In contrast, Turing data science projects are not considered ready to start until the questions, measures of success and data are ready. It seems to me that similarly, any visualisation included in a project proposal should be treated the same way and be subject to the same vigorous definition to minimise any 'fudging'.

Of course, just as data exploratory work is necessary in data science projects, some form of charting and prototyping is part of visualisation pipeline. However, the impact of changing the message of a visualisation mid-project is as significant as changing a data analysis question, and should be recognised as such.

In March 2019 I attended David McCandless's Workshops are Beautiful training in London. David spoke of defining a concept and a goal. A concept, he says is an idea you can convey to someone else. A goal is the message that you want to convey, examples of goals are 1) comparison of ideologies, or 2) a display of trends over time or 3) a summary of the most commonly used terms.

Example 1

Concept:  There are differences in the way perpetrators of domestic violence are described in the media, compared to the way their victims are described.

Goal: To compare the most commonly used descriptors of perpetrators and their victims. Highlight the difference by colour coding the descriptions depending on whether the terms are positive (eg. gentle, kind) neutral (eg. mother, sister) or negative (eg. aggressive, rude).

Example 2

Concept: Are people being assigned to projects that most fit their existing skill set, and ensured they are given the maximal opportunity to learn and apply new skill sets of their choice?

Goal: To show existence of links between people (listing their existing expertise and areas they want to develop) and projects (listing the expertise required).  
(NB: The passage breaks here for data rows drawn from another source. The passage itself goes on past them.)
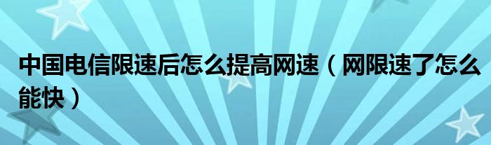 大家好,跳跳为你解答以上问题。中国电信限速后怎么提高网速,网限速了怎么能快这个问题很多人还不知道,现在让我们一起来看看吧!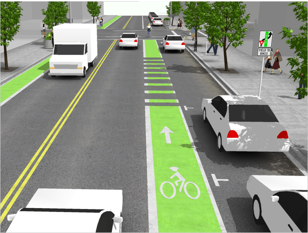 Brightly colored sections of the road designated for cyclists. Their purpose is to enhance visibility, clearly mark where cyclists should ride, and alert drivers to the presence of bike traffic. For bicyclists, they provide a safer, more defined space to travel. For motorists, they serve as a reminder to watch for cyclists and reduce conflicts at intersections and other areas of shared roadway.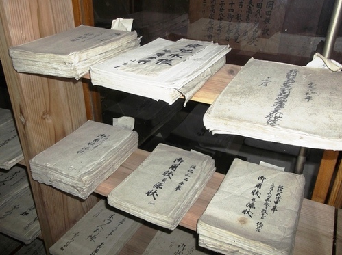 元は京都の三条で時の天皇に仕えていた武士でしたが、 後醍醐天皇が島流しになり、岡田家の祖先が浪人になって 流れ流れて栃木市へ来ることになったそうです。 巴波川を水源に農業をはじめるため、その近くの荒れ地を切り開きました。 栃木市で開墾した後、 もともと栃木市に住んでいた人たちとも親しくなり、 岡田嘉右衛門という代々岡田家で引き継いでいる名前が そのままその土地を嘉右衛門新田と呼ぶようになり、 現在は嘉右衛門町となりました。 岡田家には、歴史を感じられる資料がたくさんあります。 1つは、日記。 これは代官としての務めの一環として 記されたものだそうですが、 なんと146年分もあります。 地域の農民、漁民などのこと。 江戸とのやり取りなどが書いてあります。 中には、大奥にあがった岡田家の女性の話もあり、 その時の手紙、衣装などの品も残されています。 ![]() そして、例幣使街道が走る嘉右衛門町。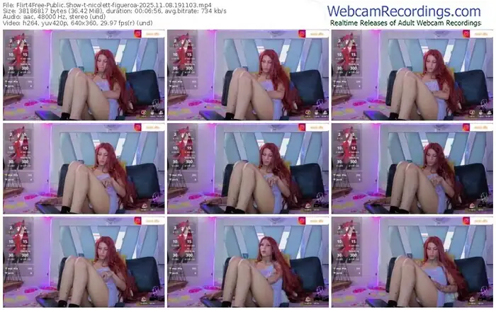 There are a total of 883 recordings (546 hours) of nicolett-figueroa from Flirt4Free available below.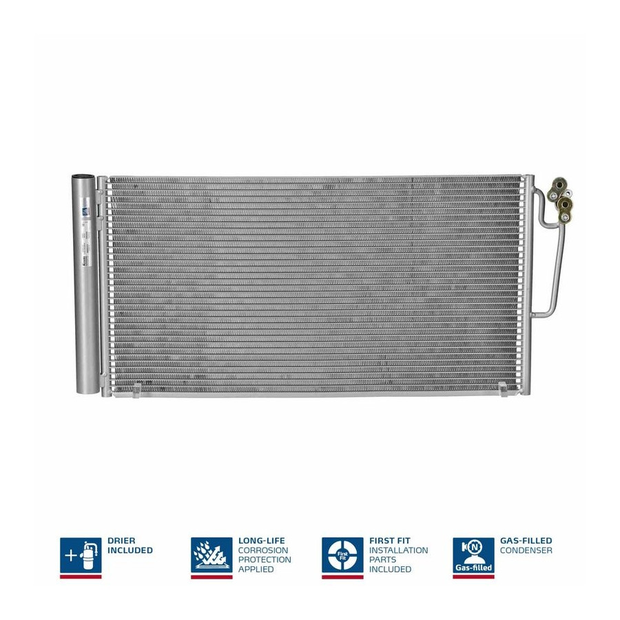 FIRST FIT -Inklusive O-ringar om det behövs Korrosionsskydd – Specialbeläggning skyddar kondensorn mot korrosion och garanterar lång livslängd Kvävefyllning – Förseglad med gaspåfyllning för att hålla fukt ute håll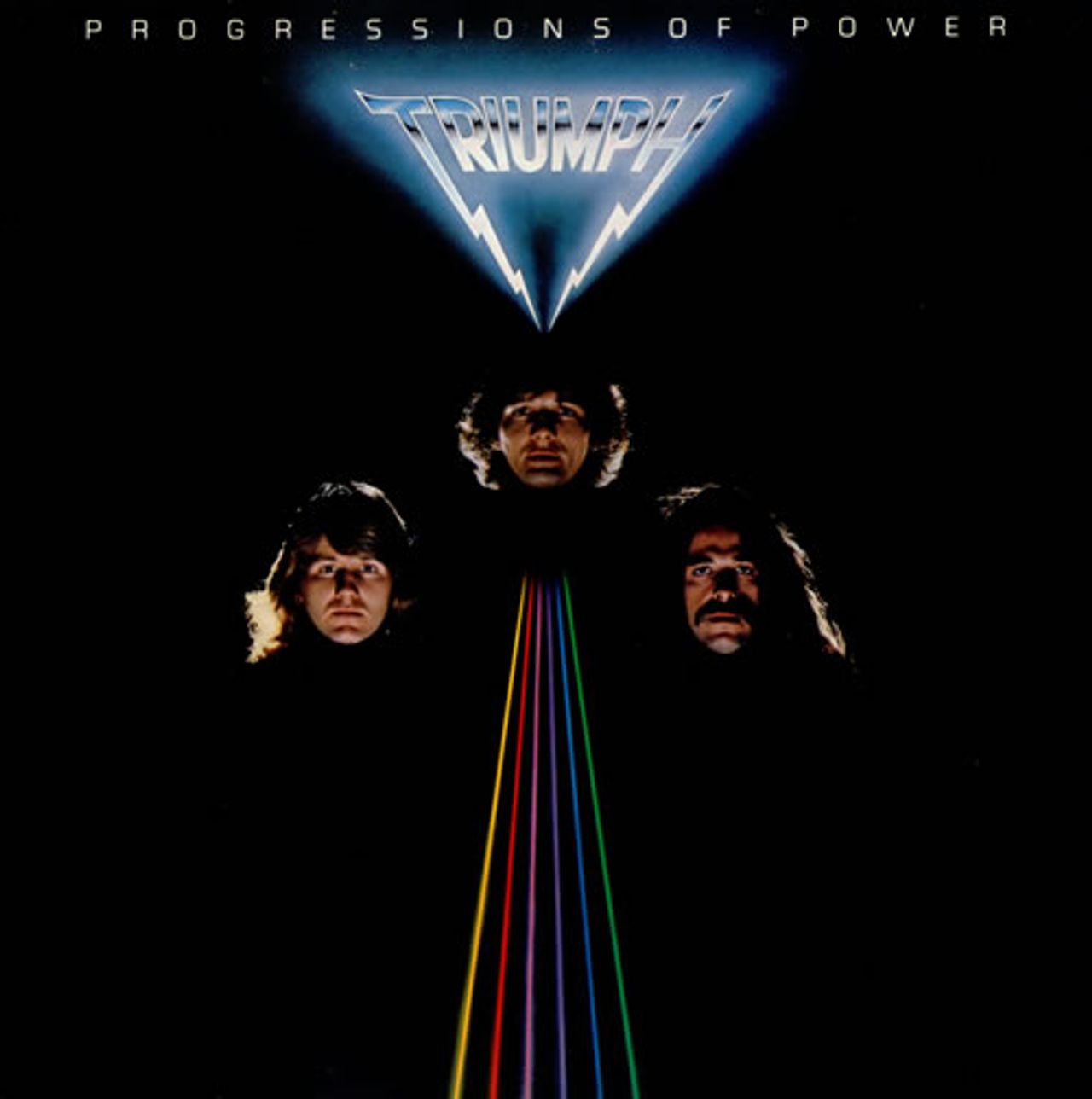 TRIUMPH Progressions Of Power (1980 UK 9-track vinyl LP from the Saga / Rush-esque rock power trio, including the single I Can Survive. The glossy picture sleeve shows a little shelfwear and comes with the lyric sheet and the vinyl remains inexcellent condition PL13524)

I think that the use of concepts and goals during project scoping can help in defining visualisation objectives. More importantly they can be a measure of how development work has drifted from original intentions, and allow either steps taken to mitigate this, or timelines adjusted to recognise this.

Conclusion

A single message to take from this post: We should understand the message we want our visualisation to impart before starting on anything else on the project.

If you have a slightly longer memory span: A data visualisation project specification should contain clear objectives for the data visualisation; the most important of which describes the message the visualisation should impart. Working on a data visualisation project without knowing the message to impart will lead to inefficient use of resources. If we have a clear idea of the visualisation's message, we can tell when work deviates and respond accordingly.